> _INPUT DATA_
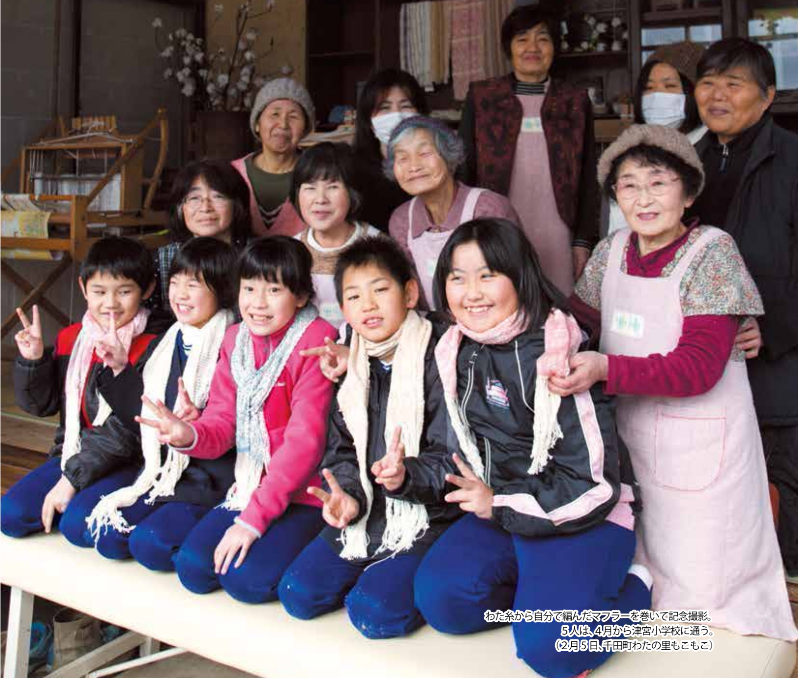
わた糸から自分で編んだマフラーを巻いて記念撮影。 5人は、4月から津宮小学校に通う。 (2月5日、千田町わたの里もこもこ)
* * *
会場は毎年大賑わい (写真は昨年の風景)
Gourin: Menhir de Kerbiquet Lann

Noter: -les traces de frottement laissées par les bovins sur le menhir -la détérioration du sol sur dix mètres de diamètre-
---
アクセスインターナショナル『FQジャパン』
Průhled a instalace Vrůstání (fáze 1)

> _TASK TO CARRY OUT_
From the line containing "Gourin: Menhir de Kerbiquet Lann" down to the line containing "Noter: -les traces" in the material above, reproduce every line exactly, including the two end lines.

> _ANSWER TO THE PROBLEM_
Gourin: Menhir de Kerbiquet Lann

Noter: -les traces de frottement laissées par les bovins sur le menhir -la détérioration du sol sur dix mètres de diamètre-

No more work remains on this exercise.